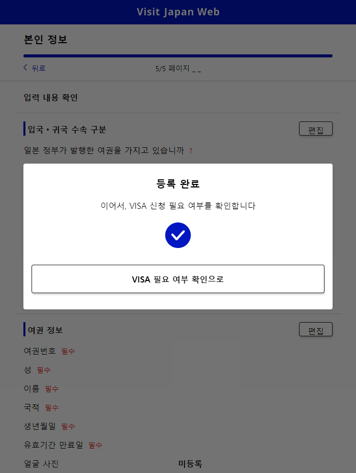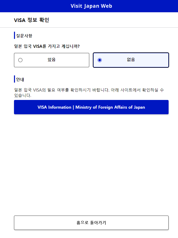 VISA 필요 여부 확인으로라는 팝업이 뜨는데, 일본 입국 VISA를 가지고 계십니까?라는 질문에 저는 VISA가 없으므로 [없음]을 선택했습니다.
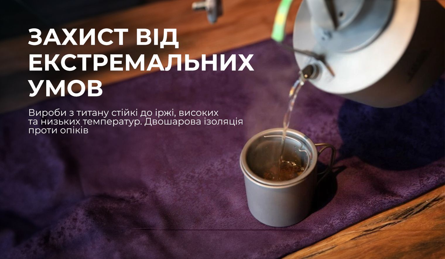 Титан, который является материалом для изготовления, представляет собой весьма лёгкий и крепкий металл, в сравнении со сталью. Такая посуда для туризма хорошо защищена от ржавчины, разрушающего воздействия кислот и щелочей. Кроме того, изделия устойчивы к экстремально низким и высоким температурам. Эффективная теплопередача. Экологичность и гигиеничность – изделия отличаются высоким качеством.
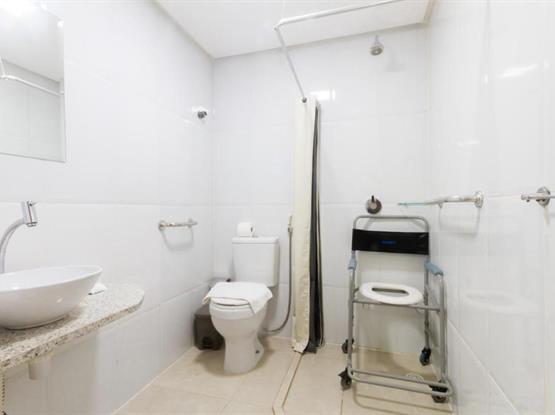 >Barras de apoio pra o chuveiro e vaso sanitário.
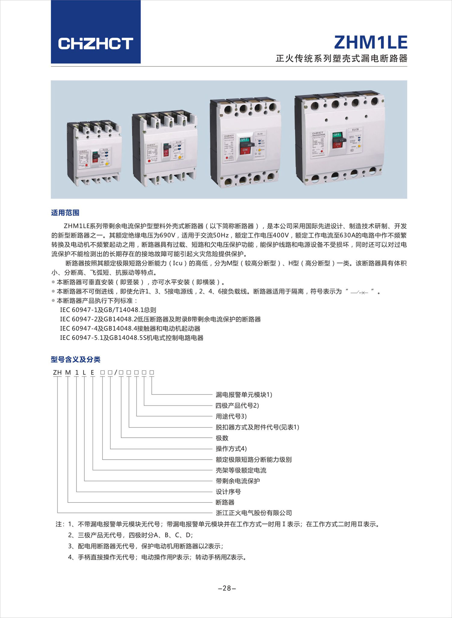 ZHM1LE 塑壳式漏电断路器产品说明书
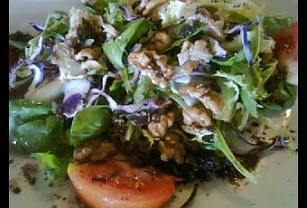 Esta ensalada es muy consistente aunque parezca que es solo lechuga, 1 tomate y algunas nueces ya que las nueces aportan bastantes calorías pero como el aceite de oliva sus grasas omega 3 son buenas para el corazón además tienen fósforo, vitaminas del grupo B y lecitina entre otros que ayudan a la memoria.También dicen que ayudan a no tener depresión.
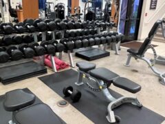 Dumbbells range from 5 to 100 lbs/2 to 45 kgs and there’re around four adjustable benches include a decline option.
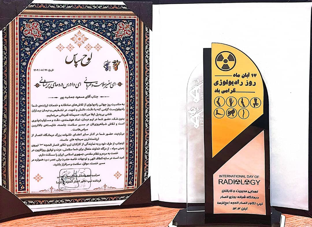 به گزارش روابط عمومی بیمارستان، مسئول بخش رادیولوژی، از حضور پرسنل تیپ انصارالحجه در بخش تصویربرداری و تقدیر از زحمات پرسنل این بخش با اهدای لوح تقدیر و تندیس خبر داد.
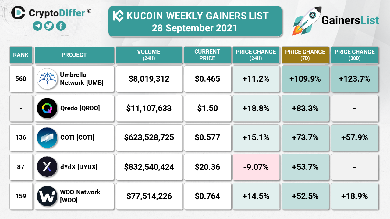KUCOIN WEEKLY GAINERS LIST
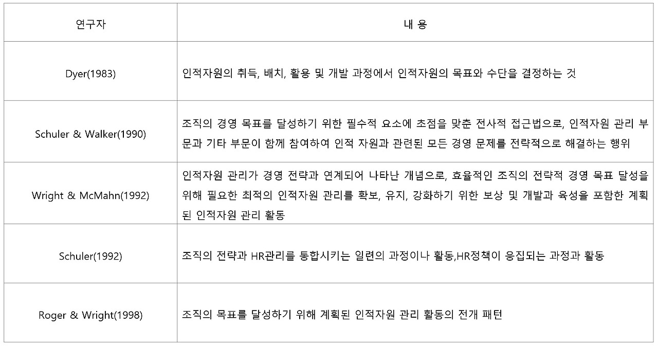 전략적 인적자원관리(Strategic Human Resource Management, SHRM)는 인적자원관리를 조직 전략과 통합·연계하여 성과 향상을 도모하는 개념입니다. 따라서 전략적 인적자원관리는 조직의 비전 및 목표, 조직 내부 상황, 외부 환경을 종합적으로 고려하여 인적 자본을 확보, 개발, 활용함으로써 조직의 목표를 최대한 달성하려 합니다. 전략적 인적자원관리에 대한 정의는 학자에 따라 조금씩 다르게 제시됩니다. 대표적인 학자들의 전략적 인적자원관리에 대한 정의를 살펴보면 다음과 같습니다.
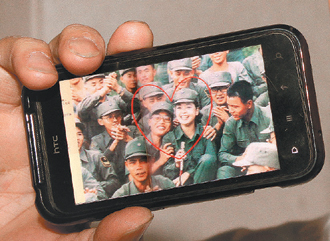 當(dāng)年幸運(yùn)被鄧麗君獻(xiàn)吻的薛進(jìn)友,將他與鄧麗君的合影放進(jìn)手機(jī)隨身攜帶。圖自臺灣《聯(lián)合報(bào)》

□ □ □ □

◆ **WORK TASK**:
A faithful copy of all the data above, without its pictures, is the expected result.

◆ **ANSWER**:
 VISA 필요 여부 확인으로라는 팝업이 뜨는데, 일본 입국 VISA를 가지고 계십니까?라는 질문에 저는 VISA가 없으므로 [없음]을 선택했습니다.
 Титан, который является материалом для изготовления, представляет собой весьма лёгкий и крепкий металл, в сравнении со сталью. Такая посуда для туризма хорошо защищена от ржавчины, разрушающего воздействия кислот и щелочей. Кроме того, изделия устойчивы к экстремально низким и высоким температурам. Эффективная теплопередача. Экологичность и гигиеничность – изделия отличаются высоким качеством.
 >Barras de apoio pra o chuveiro e vaso sanitário.
 ZHM1LE 塑壳式漏电断路器产品说明书
 Esta ensalada es muy consistente aunque parezca que es solo lechuga, 1 tomate y algunas nueces ya que las nueces aportan bastantes calorías pero como el aceite de oliva sus grasas omega 3 son buenas para el corazón además tienen fósforo, vitaminas del grupo B y lecitina entre otros que ayudan a la memoria.También dicen que ayudan a no tener depresión.
 Dumbbells range from 5 to 100 lbs/2 to 45 kgs and there’re around four adjustable benches include a decline option.
 به گزارش روابط عمومی بیمارستان، مسئول بخش رادیولوژی، از حضور پرسنل تیپ انصارالحجه در بخش تصویربرداری و تقدیر از زحمات پرسنل این بخش با اهدای لوح تقدیر و تندیس خبر داد.
KUCOIN WEEKLY GAINERS LIST
 전략적 인적자원관리(Strategic Human Resource Management, SHRM)는 인적자원관리를 조직 전략과 통합·연계하여 성과 향상을 도모하는 개념입니다. 따라서 전략적 인적자원관리는 조직의 비전 및 목표, 조직 내부 상황, 외부 환경을 종합적으로 고려하여 인적 자본을 확보, 개발, 활용함으로써 조직의 목표를 최대한 달성하려 합니다. 전략적 인적자원관리에 대한 정의는 학자에 따라 조금씩 다르게 제시됩니다. 대표적인 학자들의 전략적 인적자원관리에 대한 정의를 살펴보면 다음과 같습니다.
 當(dāng)年幸運(yùn)被鄧麗君獻(xiàn)吻的薛進(jìn)友,將他與鄧麗君的合影放進(jìn)手機(jī)隨身攜帶。圖自臺灣《聯(lián)合報(bào)》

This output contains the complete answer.